╭─ Data shown

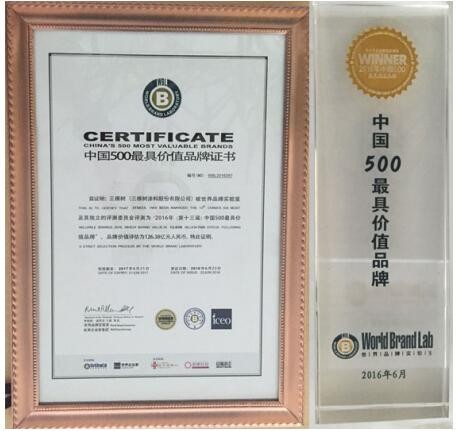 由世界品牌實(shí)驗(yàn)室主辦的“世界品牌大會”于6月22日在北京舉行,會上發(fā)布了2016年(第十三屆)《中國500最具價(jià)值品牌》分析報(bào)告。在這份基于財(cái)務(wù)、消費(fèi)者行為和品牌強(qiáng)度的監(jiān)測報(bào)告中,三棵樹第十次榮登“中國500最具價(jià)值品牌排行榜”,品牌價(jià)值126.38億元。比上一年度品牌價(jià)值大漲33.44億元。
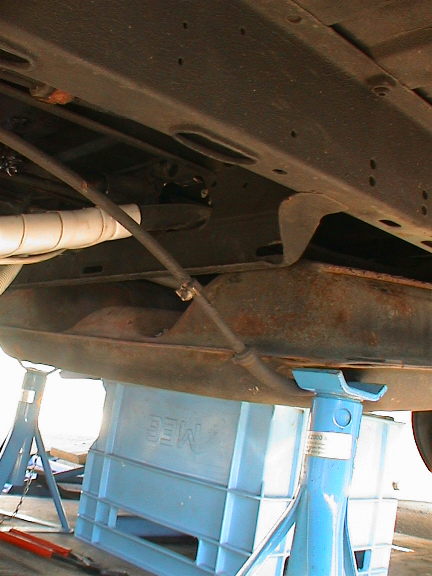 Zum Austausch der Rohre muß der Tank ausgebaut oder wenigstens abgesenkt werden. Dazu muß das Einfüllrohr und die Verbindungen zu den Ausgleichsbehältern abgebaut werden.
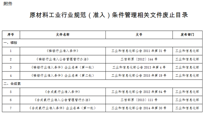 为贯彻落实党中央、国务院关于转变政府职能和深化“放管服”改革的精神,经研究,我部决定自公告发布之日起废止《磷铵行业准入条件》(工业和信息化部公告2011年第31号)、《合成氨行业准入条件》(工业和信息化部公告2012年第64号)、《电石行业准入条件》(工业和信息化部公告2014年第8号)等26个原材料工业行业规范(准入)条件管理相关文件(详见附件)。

╰─

- [What you will do]
Everything in the listing must be restated word for word, except for the pictures.

- [Finished task]
 由世界品牌實(shí)驗(yàn)室主辦的“世界品牌大會”于6月22日在北京舉行,會上發(fā)布了2016年(第十三屆)《中國500最具價(jià)值品牌》分析報(bào)告。在這份基于財(cái)務(wù)、消費(fèi)者行為和品牌強(qiáng)度的監(jiān)測報(bào)告中,三棵樹第十次榮登“中國500最具價(jià)值品牌排行榜”,品牌價(jià)值126.38億元。比上一年度品牌價(jià)值大漲33.44億元。
 Zum Austausch der Rohre muß der Tank ausgebaut oder wenigstens abgesenkt werden. Dazu muß das Einfüllrohr und die Verbindungen zu den Ausgleichsbehältern abgebaut werden.
 为贯彻落实党中央、国务院关于转变政府职能和深化“放管服”改革的精神,经研究,我部决定自公告发布之日起废止《磷铵行业准入条件》(工业和信息化部公告2011年第31号)、《合成氨行业准入条件》(工业和信息化部公告2012年第64号)、《电石行业准入条件》(工业和信息化部公告2014年第8号)等26个原材料工业行业规范(准入)条件管理相关文件(详见附件)。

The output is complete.